Herein, we have described the PGx variation across a subset of Shetlander and Orcadian participants that are part of the Viking Genes study. While the PGx landscape and distribution of actionable phenotypes is largely similar to observations across other European populations, the occurrence of potential novel and/or functionally relevant PGx variants or haplotypes enriched within families in these population isolates may warrant tailoring of PGx testing panels. Overall, understanding the distributions of PGx variants, star alleles and phenotypes across Shetland, Orkney, and potentially the broad scope of the Scottish Isles, is informative for research on utility and cost-effectiveness of clinical PGx testing for improved safety and efficacy of drug therapy.

Future directions

Given the relatively high number of potential novel star alleles identified in the Shetland and Orkney datasets included in this study, further (experimental) characterisation of these haplotypes is warranted to support their inclusion in the PharmVar database (https://www.pharmvar.org).
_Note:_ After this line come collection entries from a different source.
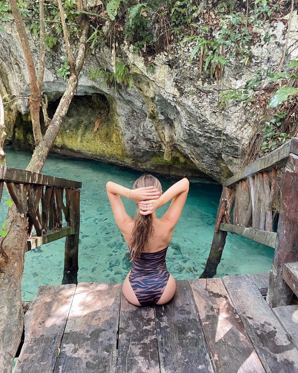 Amanda Stanton et Andi Dorfman montrent leurs atouts en nageant dans un cénote pendant leurs vacances à Tulum, 05/02/2020.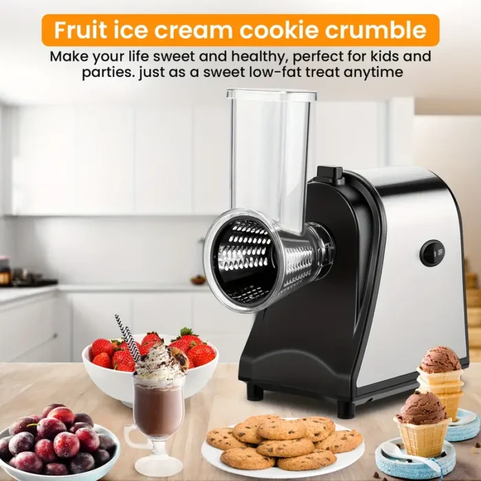 Package includes: 1 x Electric Vegetable Slicer 2 x Cutting Insert 1 x Fine Grating Insert 1 x Coarse Grating Insert 1 x Ground Blades 1 x User Manual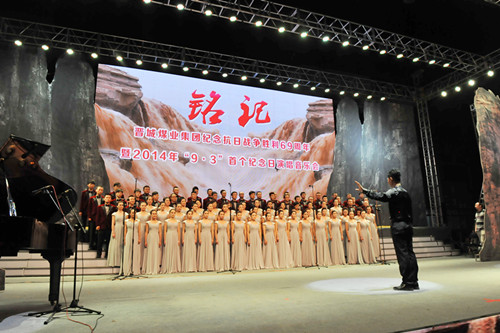 正值中国人民抗日战争暨世界反法西斯战争胜利69周年纪念日之际,9月3日晚上,晋煤集团工会主办了晋煤集团纪念抗日战争胜利69周年暨2014年‘9.3’首个纪念日演唱音乐会。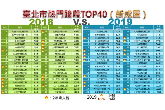地政局表示,為方便市民比較買租熱門路段近2年分布及變化,特別製作台北市熱門路段TOP40「2018 VS 2019」比較表,讓近2年熱門交易路段變動一目了然。經綜合比較發現2019年新成屋熱門路段中,共有26個路段為新進榜;中古屋及出租屋熱門路段變動相對穩定,2019年分別有33個及35個路段連2年上榜,新進榜路段則較少。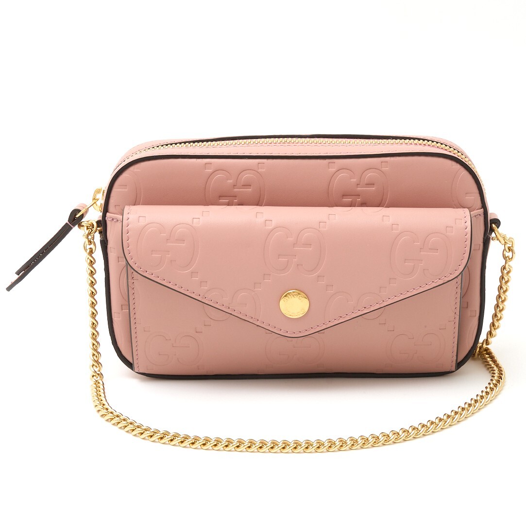 > GUCCI グッチ GGミニショルダーバッグ 781554 コンパクト チェーン クロスボディBAG レザー ピンク×ゴールド金具 レディース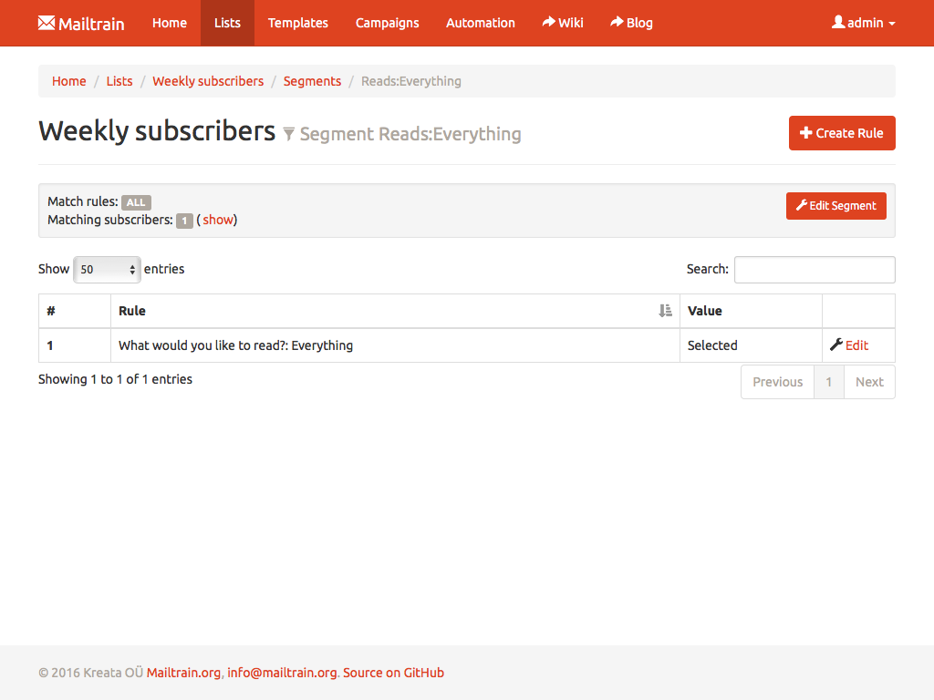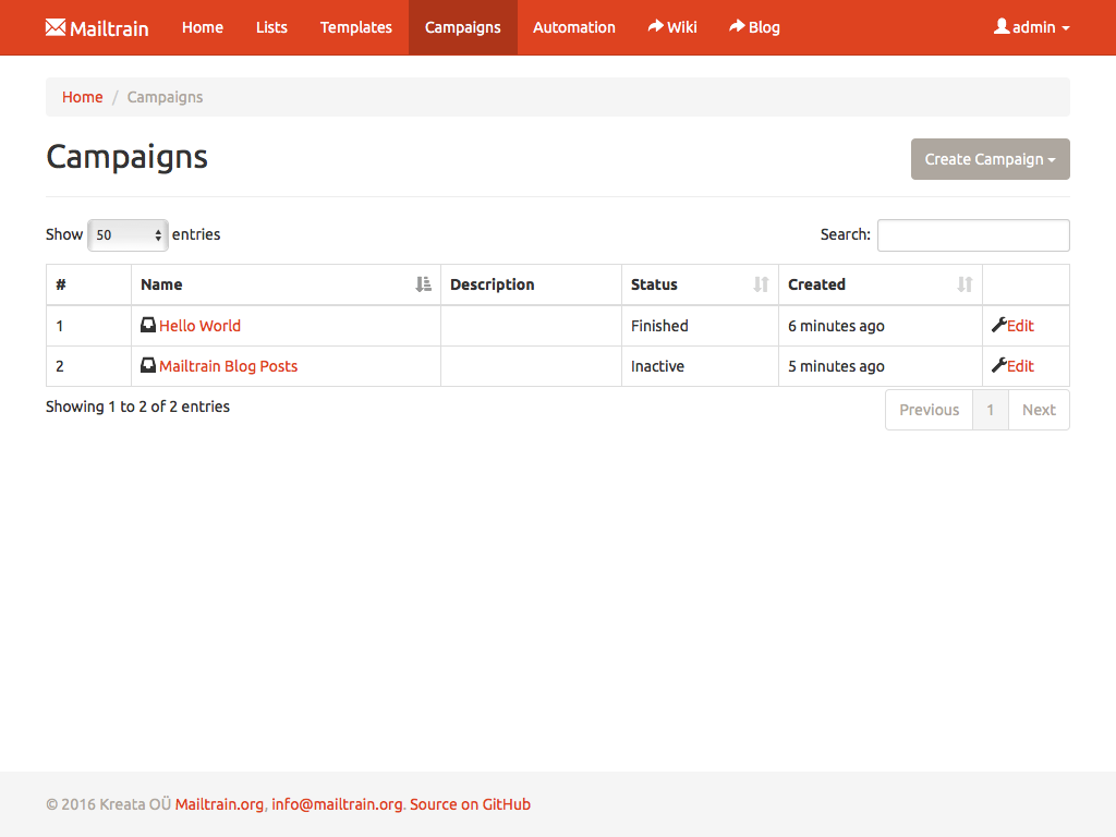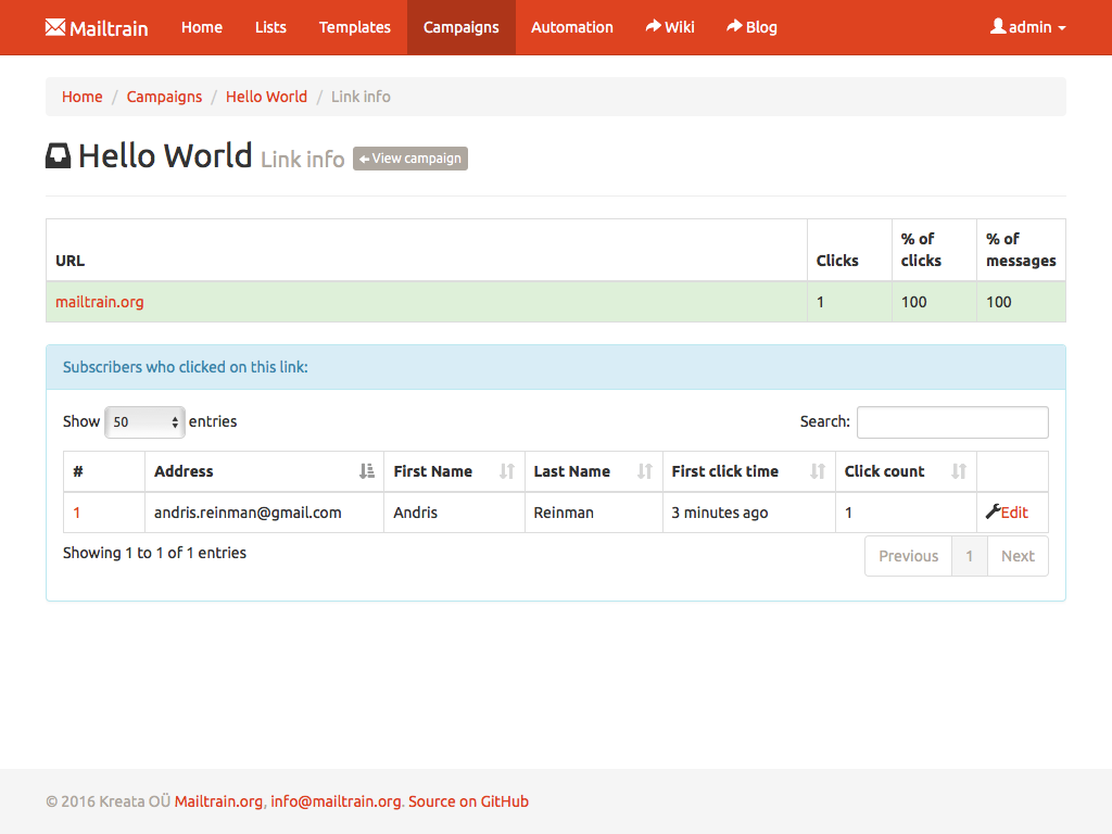 Setup Mailtrain to track RSS feeds and if a new entry is detected in a feed then Mailtrain auto-generates a new campaign using entry data as message contents and sends it to selected subscribers.

We also plan to examine the utility of Viking Genes whole exome sequence data for characterisation of PGx variation across the VIPs included in this study as exome data may be more feasible to generate for purposes of clinical PGx implementation.

Another critical aspect following this analysis is developing practical frameworks for clinical PGx implementation across the Scottish Isles and for communicating PGx test results to various healthcare stakeholders for the optimisation of patient care. This follows similar efforts emerging as part of the Viking Genes study17.